#### Instructions to follow
Your job is to retype all of the data word for word, leaving every image out.

#### Data segment
..........

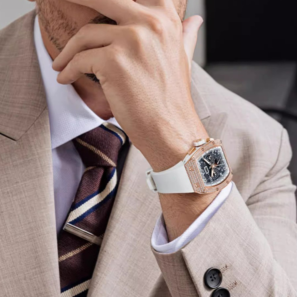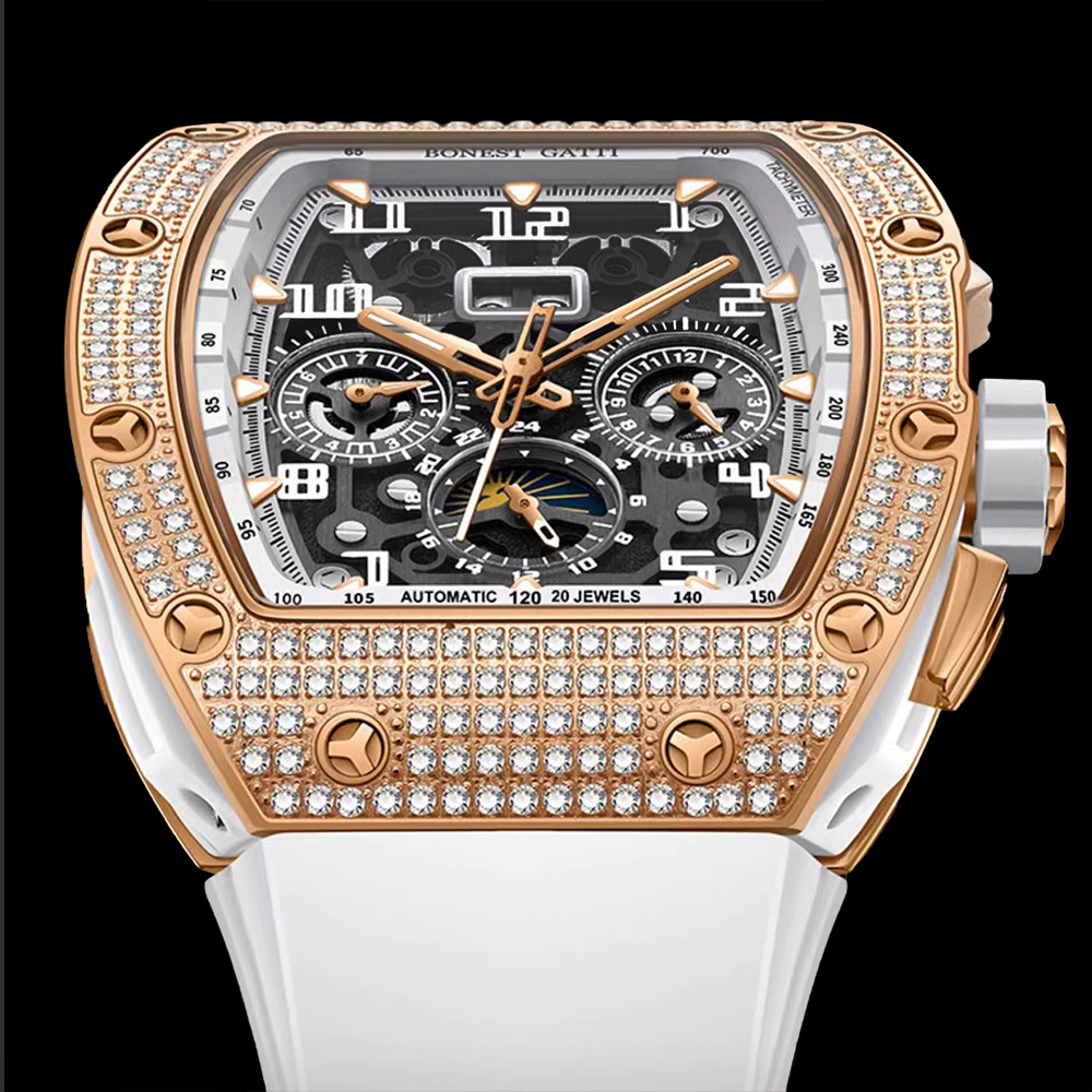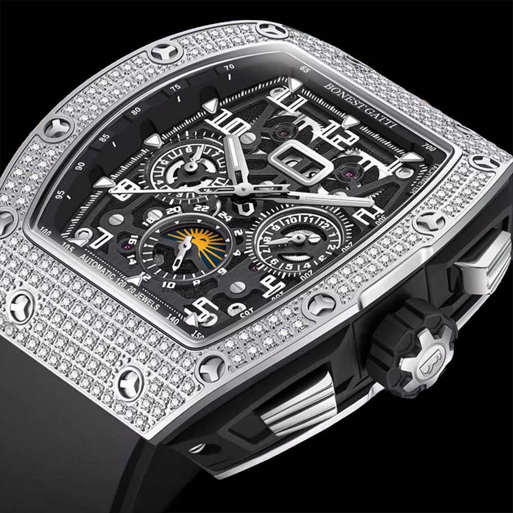 BONEST GATTI 寶加地【尊爵魅影】系列延續「魅影系列」廣受好評的酒桶形錶殼,整體視覺以浪漫星空為繆思,在酒桶形錶殼上鑲嵌璀璨水鑽,做工繁複而細膩,讓原本陽剛率性的運動錶款散發出不同的優雅氣息! 除了耀眼奢華的鑲鑽外框,【尊爵魅影】亦搭載多功能自動上鍊機芯,時、分、秒、日期、月份、星期與日月星辰等多項設計,讓腕錶不再只是腕錶、而是一項兼具實用與美學的工藝傑作!
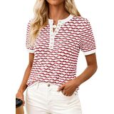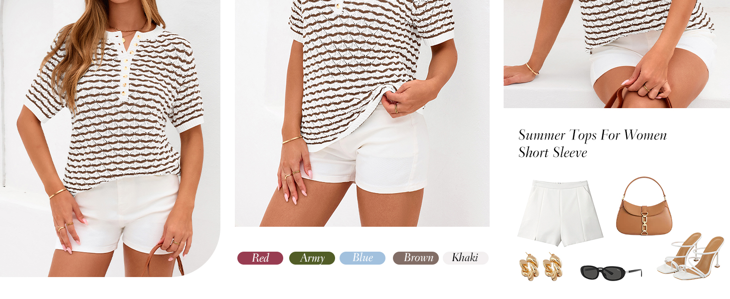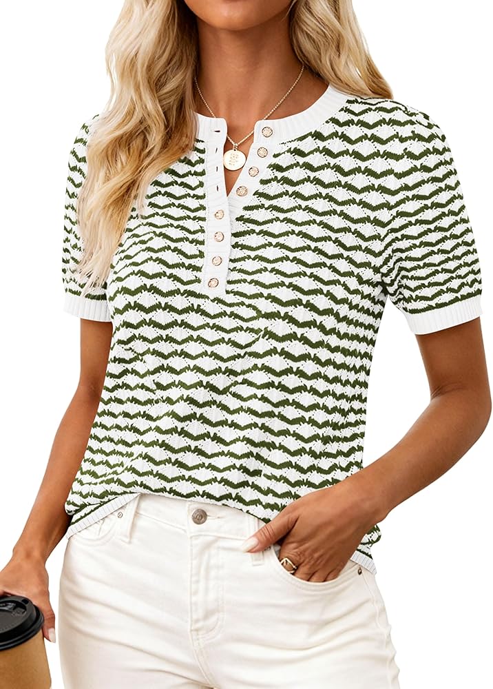 PRETTYGARDEN Short Sleeve Henley Neck Sweater Tops for Women Dressy Casual Fashion Clothing Summer Clothes
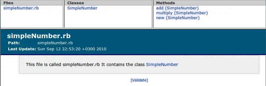 >> rdoc simpleNumber.rb simpleNumber.rb: c... Generating HTML... Files: 1 Classes: 1 Modules: 0 Methods: 3 Elapsed: 0.426s

..........

#### Task result
 BONEST GATTI 寶加地【尊爵魅影】系列延續「魅影系列」廣受好評的酒桶形錶殼,整體視覺以浪漫星空為繆思,在酒桶形錶殼上鑲嵌璀璨水鑽,做工繁複而細膩,讓原本陽剛率性的運動錶款散發出不同的優雅氣息! 除了耀眼奢華的鑲鑽外框,【尊爵魅影】亦搭載多功能自動上鍊機芯,時、分、秒、日期、月份、星期與日月星辰等多項設計,讓腕錶不再只是腕錶、而是一項兼具實用與美學的工藝傑作!
 PRETTYGARDEN Short Sleeve Henley Neck Sweater Tops for Women Dressy Casual Fashion Clothing Summer Clothes
 >> rdoc simpleNumber.rb simpleNumber.rb: c... Generating HTML... Files: 1 Classes: 1 Modules: 0 Methods: 3 Elapsed: 0.426s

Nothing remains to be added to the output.